Ömer Seyfettin’in biyografisini yazan Tahir Alangu tıpkı hikâyedeki gibi bir çiftliğin yazarın çocukluğunun geçtiği Gönen’de olduğunu belirtir. Adı Karalar Çiftliği'dir. Hikâyede ölen tıpkı küçük kardeş Hasan gibi  Ö. Seyfettin'in kendisinden bir yaş küçük kardeşi de gerçekten aynı yaşlarda kuşpalazından ölmüş. Biz de ilgili biyografiyi refarans alarak hikâyedeki anlatıcı ağabeye Ömer diyelim.

Gelelim Ömer’in kaşağıyı kırdığı sahneye.  Ömer annesinin İstanbul’dan gönderdiği, sandıkta saklanan değerli kaşağıyı bulup atı tımar etmek isterken beklentisi kaşağının “ahenkli tıkırtısını” duymak ve tıpkı Dadaruh yaparken gördüğü gibi atın keyiften kuyruğunu sallamasıdır.
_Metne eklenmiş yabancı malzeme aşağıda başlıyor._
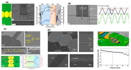 Silicon-based polymer photonic crystal modulator. (A) Optical and SEM images of the polymer-infiltrated silicon photonic crystal slot modulator and its wavelength dependence of normalized modulated signal (blue line) and normalized optical transmission (black line) [55]. (B) SEM picture of the 320 nm-wide silicon photonic crystal slot waveguide. The modulation measurements showing a low Vπ of 1.3 V [56]. (C) SEM images of the band-engineered, EO polymer-refilled silicon slot photonics crystal modulator. Measured Vπ and corresponding calculated effective r33 versus wavelength (at 100 kHz) [57]. (D) SEM images of the polymer-refilled photonic crystal modulator with RC time constant engineered and a backside gate technique. Measured normalized EO response of the modulator as a function of RF frequency indicates a 3 dB modulation bandwidth of 11 GHz [58].

Ama Ömer’in boyu ancak atın karnına yetişir,  kaşağıyı dokundurur dokundurmaz at huysuzlanır. Acıtıcı olduğunu düşünür, kaşağının sivri ucunu duvarın taşlarına sürter. Tekrar dener. ‘Atlar’ yine durmaz. Kaşağıyla bir atı tımar ettiği halde Ömer’in atlar diye sözcüğü çoğul kullanışını ya diğer atlarda da aynı şeyi denediği ya da bir atın huzursuzluğunun diğer atlara da sirayet ettiği biçiminde anlamak mümkün. Her halükârda atın huzursuzluğu Ömer’in beceriksizliğini yüzüne vuruyor. Karşılıklı gerginlik.
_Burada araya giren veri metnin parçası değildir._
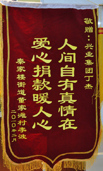 · 2010年2月,敬贈(zèng)興業(yè)集團(tuán)董事長(zhǎng)丁杰“人間自有真情在,愛心捐款暖人心”錦旗
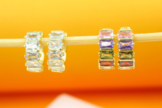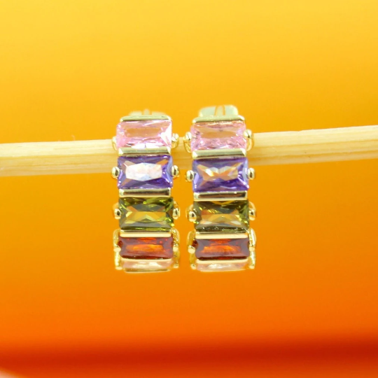 18K Gold Filled Multicolored CZ Huggies (L73)

“Kızdım. Öfkemi sanki kaşağıdan çıkarmak istedim. On adım ilerdeki çeşmeye koştum. Kaşağıyı yalağın taşına koydum. Yerden kaldırabileceğim en ağır taşı bularak üstüne hızlı hızlı indirmeye başladım. İstanbul’dan gelen, Dadaruh’un kullanmaya kıyamadığı bu güzel kaşağıyı ezdim, parçaladım. Sonra yalağın içine attım.”
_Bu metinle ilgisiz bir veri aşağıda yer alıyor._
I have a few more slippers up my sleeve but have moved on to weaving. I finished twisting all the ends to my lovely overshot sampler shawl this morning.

Murat Turna, Kaşağı Hikâyesinin Psikanalitik Edebiyat Kuramına Göre İncelenmesi yazısında Ömer’in “Öfkemi sanki kaşağıdan çıkarmak istedim.” sözünde geçen “öfke”yi yine aynı konuda yazan Selahattin Dilidüzgün’ün görüşüne katıldığını belirterek annenin yokluğuna bağlar. Ömer’in annesi o yaz İstanbul’a gitmiştir. Murat Turna annenin yokluğunun bıraktığı boşluğu öfkenin gerisinde yatan töz olarak klişe olan ama doğru da olan “Çocuğun himaye edilme, korunma ve güven duyma hislerini zaafa uğratır.” cümlesiyle gösterir. Klişelerin hem doğru hem de yanlış olma gibi bir talihsizlikleri var. Çünkü klişeler tekrardan ötürü bir süre sonra kalıbının adamı olmazlar; yani anlamlarını terk ederek salt iletişime dönüşürler; insanların o çok sevdikleri mutabakata. Elbette annenin yokluğu çocuğun korunma, himaye edilme ve güven duyma hislerini zaafa uğratır. Ama aynı annenin yokluğu özgürlük de verir. Nasıl?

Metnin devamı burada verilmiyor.